-- Available data follows --

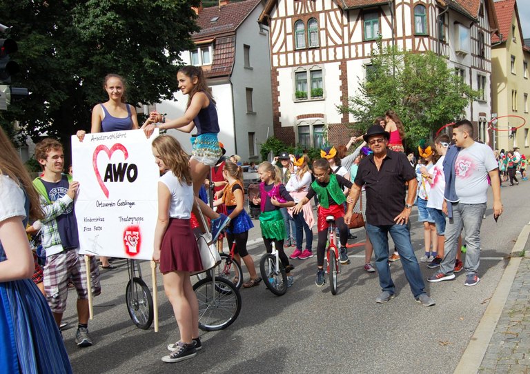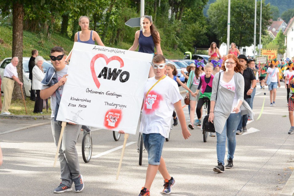 Mit einer großen Gruppe von gut 20 Leuten haben sich die Theatergruppe AWact und der Kinder- und Jugendzirkus Fitze Fatze beim diesjährigen Geislinger Kinderfestumzug beteiligt. In bunte Kostümen und in selbst gestaltete Theater-T-Shirts sowie mit Masken gekleidet, waren die AWO-Aktiven ein Hingucker und ernteten viel Applaus. Auf Ein- und Hochrädern sowie mit Jongliergeräten und als Clown zeigten die Zirkusartisten ihr Können. |
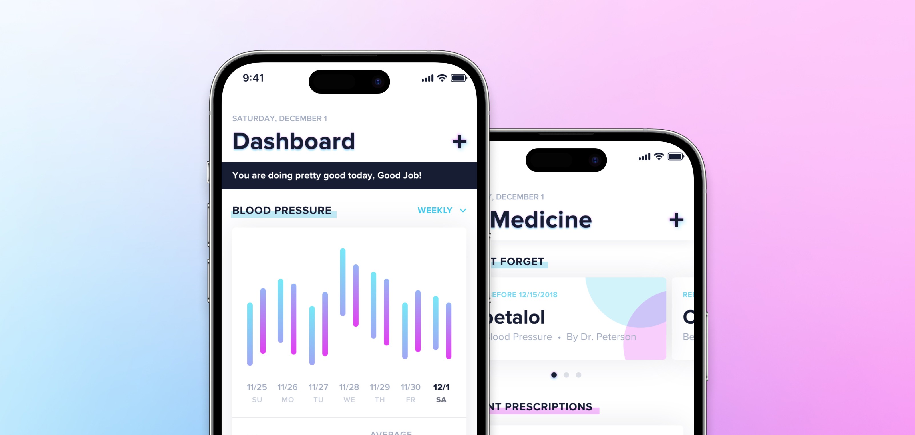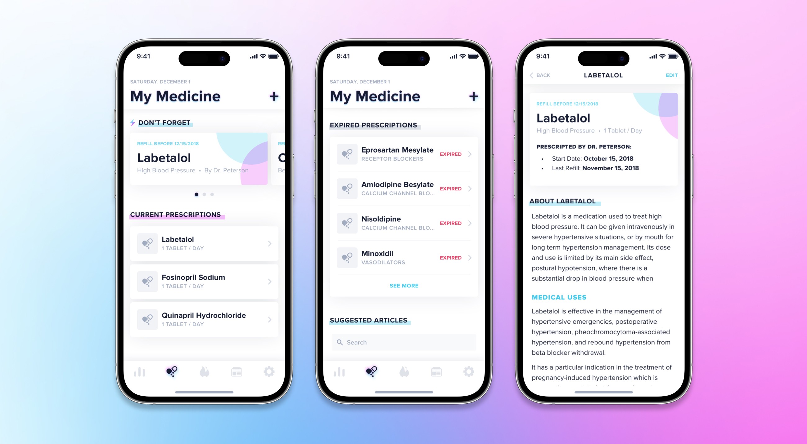 High fidelity mockups for an health & Rx tracking mobile app
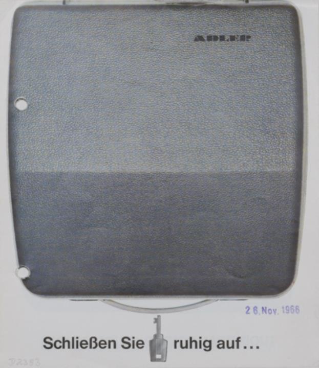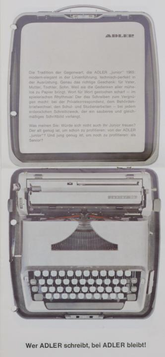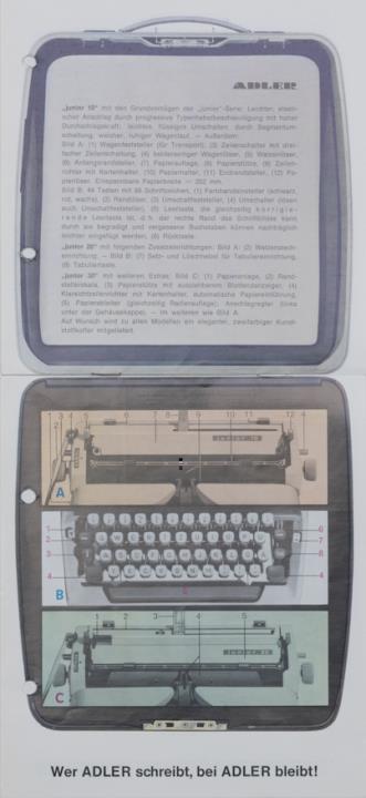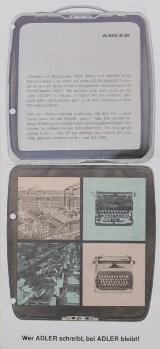 Prospekt für Schreibmaschine Adler junior mit Koffer Nr. A 586/465/6 mit Datumstempel versehen
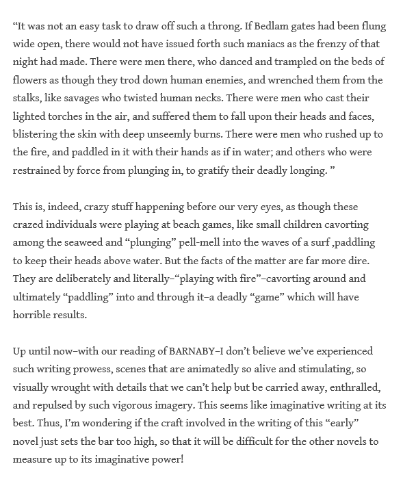 - Calling for a “Barnaby Revolution” (We’ve been hitting on this theme all around: Henry’s interest that this novel should be better known and appreciated; Dana and Cassandra were finding it to be a favorite so far; we all enjoyed it far more than we anticipated, and Lenny sees a whole new level of mastery in Dickens’ writing.)
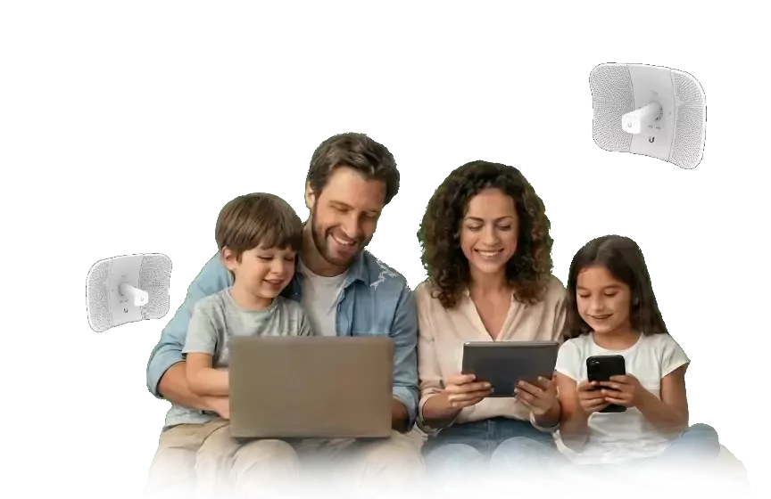 Es un servicio de conectividad que llega a tu hogar a través de ondas de radio (enlaces por aire), eliminando la necesidad de cableado en la calle. A diferencia de la conexión tradicional por cable o fibra, el internet inalámbrico se recibe mediante una pequeña antena en tu techo que se conecta a nuestras torres, permitiéndote tener internet de alta velocidad incluso en zonas donde no existen redes cableadas.
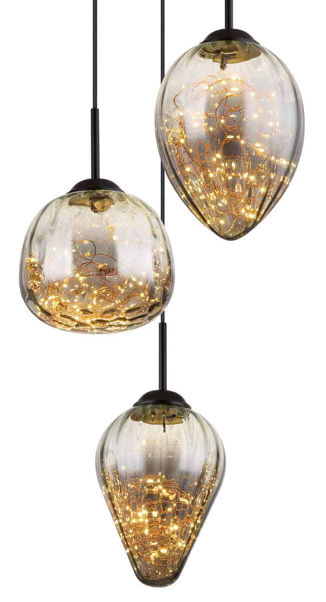 Elegantna visilica PENDANT LAMP METAL BLACK MATT impresionira atraktivnim dizajnom koji se sastoji od tri različita staklena oblika. Telo izrađeno od crnog mat metala savršeno se uklapa sa staklima boje dima, prozirnim staklima, koja lampi daju jedinstven izgled. Sa prečnikom od 400 mm i snagom od 24 W, ova svetiljka nudi jarko i atmosfersko osvetljenje sa toplom bojom svetlosti od 3000K. VISEĆA METALNA BLACK MATT idealna je za upotrebu u trpezariji, dnevnoj sobi ili hodniku i postavlja stilski akcent u vašem domu. Zahvaljujući bezvremenskom dizajnu i visokokvalitetnoj izradi, ova visilica sigurno će privući oči u vašoj sobi.
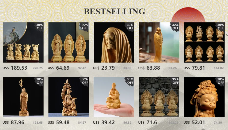 Boxwood 29cm Three Buddha Sculpture Sakyamuni Figure Guanyin Wood Carving Goddess Statue Home Decor
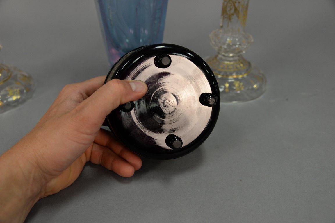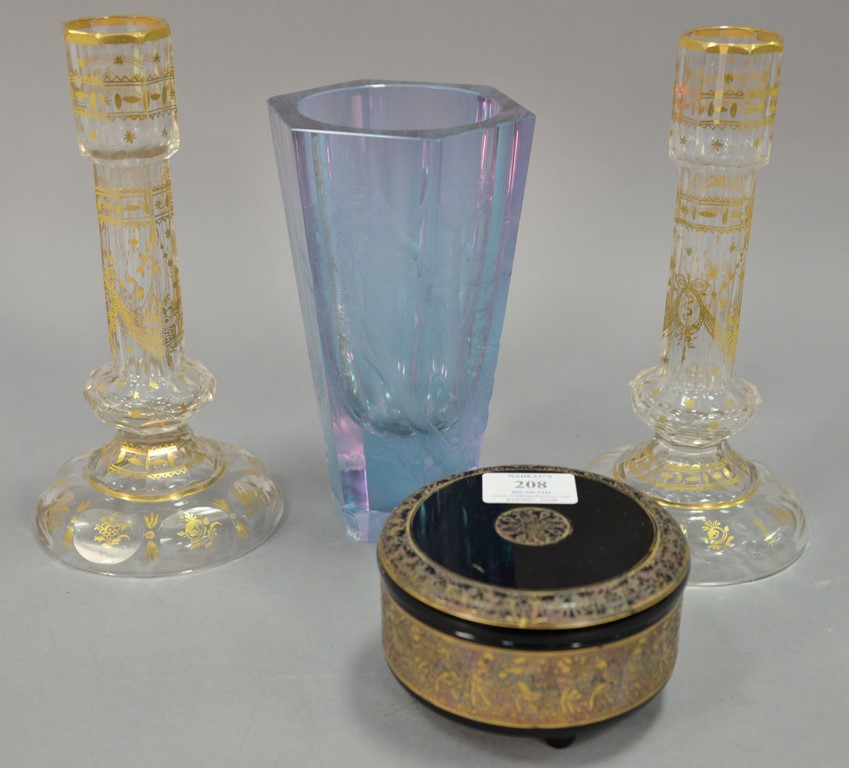 Four crystal pieces to include Moser etched glass vase light blue with etched wooded landscape chips on base, Moser Karlsbad amethyst covered box signed Moser Karlsbad made in Czechoslovakia, and a pair of crystal candlesticks with gilt decoration ht. 9 1/2in..
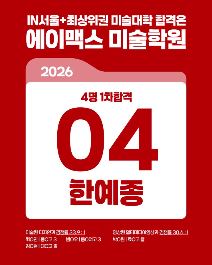 [에이맥스 미술학원] 2026학년도 한국예술종합학교 4명의 수시 1차 합격자를 공개합니다!![광주 입시미술학원]
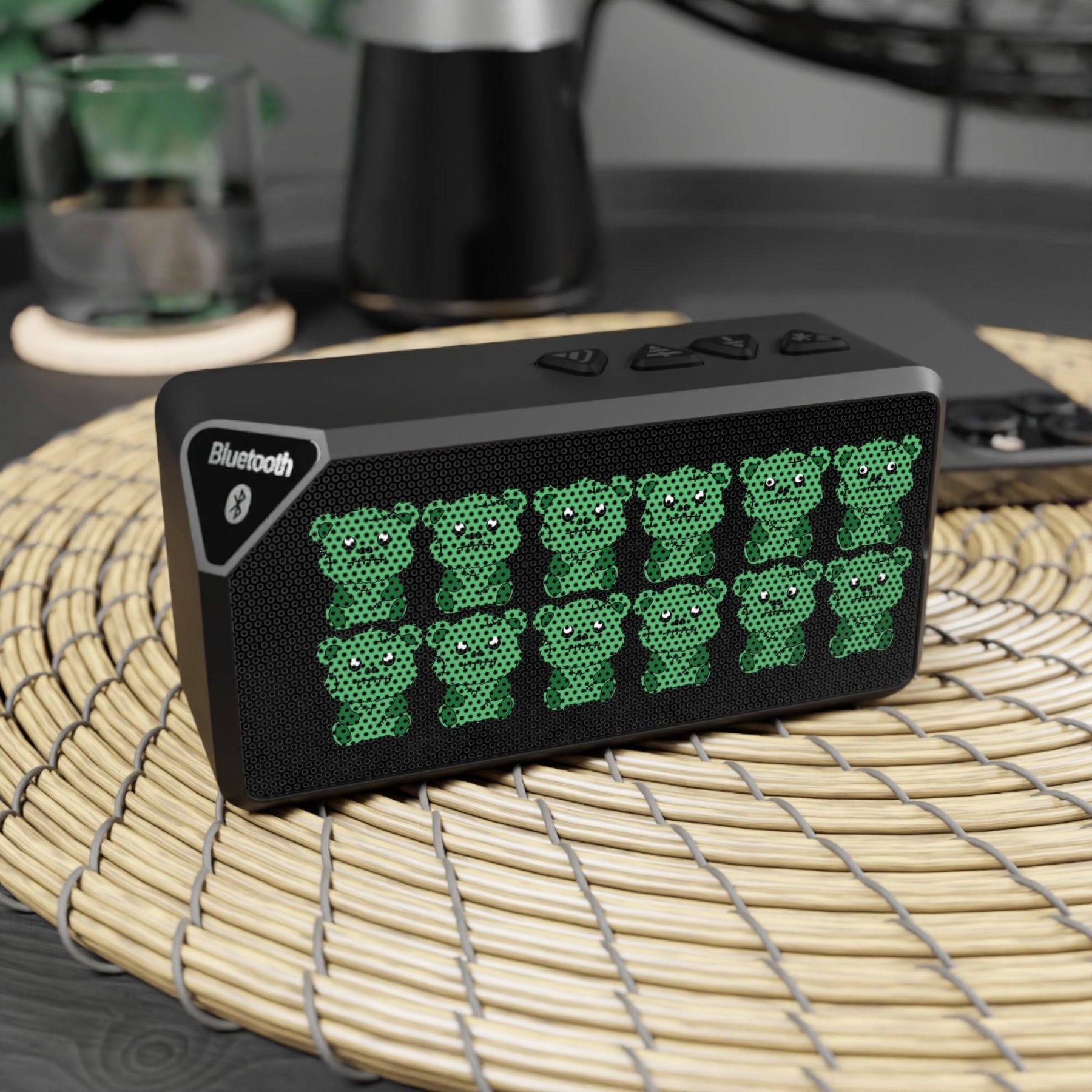 This is no ordinary bear - it's a gnarly green zombie beast that's here to shred some face-melting tunes. Introducing the Not a Carebear Stare Bluetooth speaker, a pop culture phenomenon that fuses the adorable squishiness of everyone's favorite stuffed animals with the gritty, punk rock attitude of the undead. Crank the volume and this little monster will unleash roars of rich, booming sound from its premium speaker blend that puts tinny phone speakers to shame. It's the ultimate nerdy accessory for setting the mood at your next horror movie marathon or adding some apocalyptic ambiance to your crypt. Just don't expect it to cuddle back - these zombie bears only have eyes for eardrum-rattling jams and cute countercultural chaos. Embrace your inner rebel and let this gnarly grizzly be the life of your twisted teddy bear picnic.

-- Available data concluded --

Instructions for the task
Your answer should be the lines from the opening of the records through the line with "Es un servicio", both ends retyped exactly and pictures left out.

Answer area
 Mit einer großen Gruppe von gut 20 Leuten haben sich die Theatergruppe AWact und der Kinder- und Jugendzirkus Fitze Fatze beim diesjährigen Geislinger Kinderfestumzug beteiligt. In bunte Kostümen und in selbst gestaltete Theater-T-Shirts sowie mit Masken gekleidet, waren die AWO-Aktiven ein Hingucker und ernteten viel Applaus. Auf Ein- und Hochrädern sowie mit Jongliergeräten und als Clown zeigten die Zirkusartisten ihr Können. |
 High fidelity mockups for an health & Rx tracking mobile app
 Prospekt für Schreibmaschine Adler junior mit Koffer Nr. A 586/465/6 mit Datumstempel versehen
 - Calling for a “Barnaby Revolution” (We’ve been hitting on this theme all around: Henry’s interest that this novel should be better known and appreciated; Dana and Cassandra were finding it to be a favorite so far; we all enjoyed it far more than we anticipated, and Lenny sees a whole new level of mastery in Dickens’ writing.)
 Es un servicio de conectividad que llega a tu hogar a través de ondas de radio (enlaces por aire), eliminando la necesidad de cableado en la calle. A diferencia de la conexión tradicional por cable o fibra, el internet inalámbrico se recibe mediante una pequeña antena en tu techo que se conecta a nuestras torres, permitiéndote tener internet de alta velocidad incluso en zonas donde no existen redes cableadas.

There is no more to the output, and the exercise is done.